Ditjen PHU Kemenag Resmi Akhiri Tugas Urus Haji, Estafet Beralih ke Kementerian Haji dan Umrah

- Ditjen PHU Kemenag resmi mengakhiri tugas penyelenggaraan haji, dengan haji 2025 menjadi penugasan terakhir sebelum dialihkan ke Kementerian Haji dan Umrah.
- Perpisahan ditandai peluncuran buku monumental “Haji Indonesia Era Kementerian Agama”, setebal 2.300 halaman yang merekam 75 tahun penyelenggaraan haji.
- Haji 2025 dinilai sangat sukses, bahkan disebut sebagai salah satu penyelenggaraan terbaik oleh Arab Saudi, dengan tingkat kepuasan jemaah meningkat.
, Jakarta –Direktorat Jenderal Penyelenggaraan Haji dan Umrah (Ditjen PHU) Kementerian Agama resmi mengakhiri perannya dalam penyelenggaraan ibadah haji Indonesia. Penyelenggaraan haji tahun 2025 menjadi tugas terakhir Ditjen PHU sebelum kewenangan tersebut dialihkan kepada Kementerian Haji dan Umrah mulai tahun depan.
Penutupan masa tugas ini ditandai dengan peluncuran buku dokumentasi sejarah bertajuk “Haji Indonesia Era Kementerian Agama” dalam Rapat Kerja Nasional (Rakernas) Kemenag di Tangerang Selatan, Selasa (16/12/2025).
Direktur Jenderal PHU Hilman Latief secara simbolis menyerahkan buku tersebut kepada Menteri Agama Nasaruddin Umar, Wakil Menteri Agama Romo Muhammad Syafi’i, dan Sekretaris Jenderal Kemenag Kamaruddin Amin. Hilman menyampaikan rasa syukur atas keberhasilan penugasan terakhir Ditjen PHU.
“Kami bersyukur haji terakhir sukses dilaksanakan oleh Kemenag. Tahun depan, penyelenggaraan haji akan dilanjutkan oleh Kementerian Haji dan Umrah,” ujar Hilman.
Menurut Hilman, penyelenggaraan haji 2025 merupakan tantangan terberat sepanjang sejarah Ditjen PHU karena kompleksitas dan dinamika yang dihadapi.
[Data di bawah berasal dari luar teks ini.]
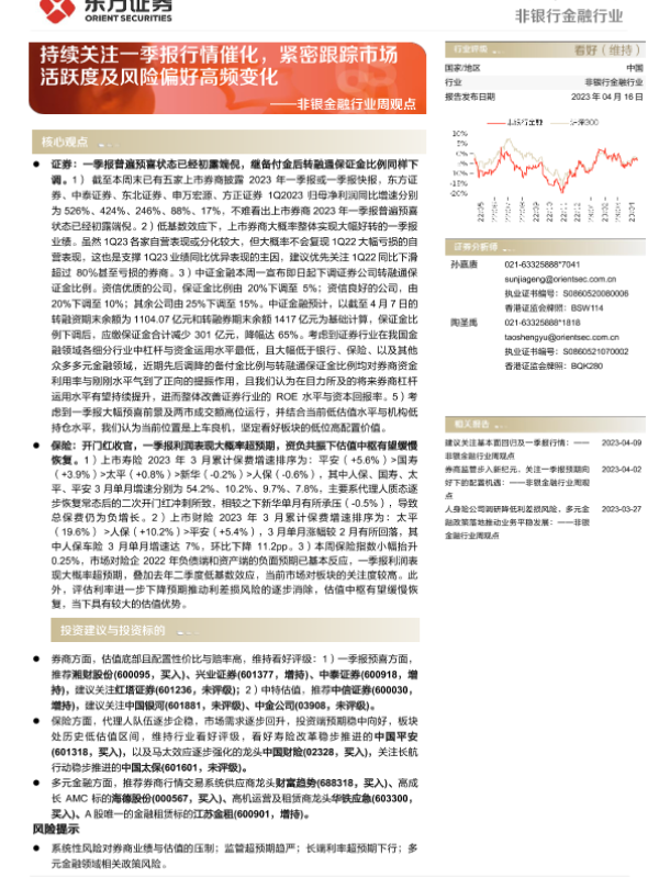 【东方证券】【20230416】非银金融行业周观点:持续关注一季报行情催化,紧密跟踪市场活跃度及风险偏好高频变化-13页

Namun demikian, hasilnya dinilai sangat memuaskan. Pemerintah Arab Saudi bahkan menyebutnya sebagai salah satu penyelenggaraan haji terbaik, dengan indeks kepuasan jemaah yang terus meningkat dan berada pada kategori sangat memuaskan.
Sebagai penanda akhir tugas sekaligus warisan kelembagaan, Ditjen PHU mempersembahkan buku setebal 2.300 halaman yang merangkum 75 tahun penyelenggaraan haji oleh Kementerian Agama.
“Hari ini kami persembahkan buku ‘Haji Indonesia Era Kementerian Agama’ sebagai pegangan dan memori kolektif Kemenag, khususnya bagi PTKIN, Kanwil Kemenag, dan para pemangku kepentingan,” kata Hilman.
Penyusunan buku tersebut dikoordinasikan oleh Sesditjen PHU M Arfi Hatim bersama tim akademisi dari UIN Sultan Maulana Hasanuddin, Banten. Arfi menyebut buku yang ditulis oleh Hilman Latief dan tim ini sebagai salah satu karya paling komprehensif tentang haji Indonesia.
“Ini boleh jadi buku paling tebal dan lengkap tentang haji Indonesia, disusun dengan standar akademik dan berbasis sumber primer,” ujarnya.
Buku tersebut disunting oleh Hadi Rahman dan Oman Fathurahman, filolog terkemuka, dan terbagi dalam tiga jilid. Jilid pertama mengulas sejarah penyelenggaraan haji dari 1950 hingga 2025, jilid kedua membahas ekosistem serta kebijakan haji, sementara jilid ketiga menyoroti adaptasi dan inovasi dalam layanan haji.
Dengan berakhirnya masa tugas ini, Ditjen PHU Kemenag secara resmi menyerahkan tongkat estafet penyelenggaraan haji kepada kementerian baru, menutup satu bab panjang dalam sejarah pengelolaan ibadah haji Indonesia.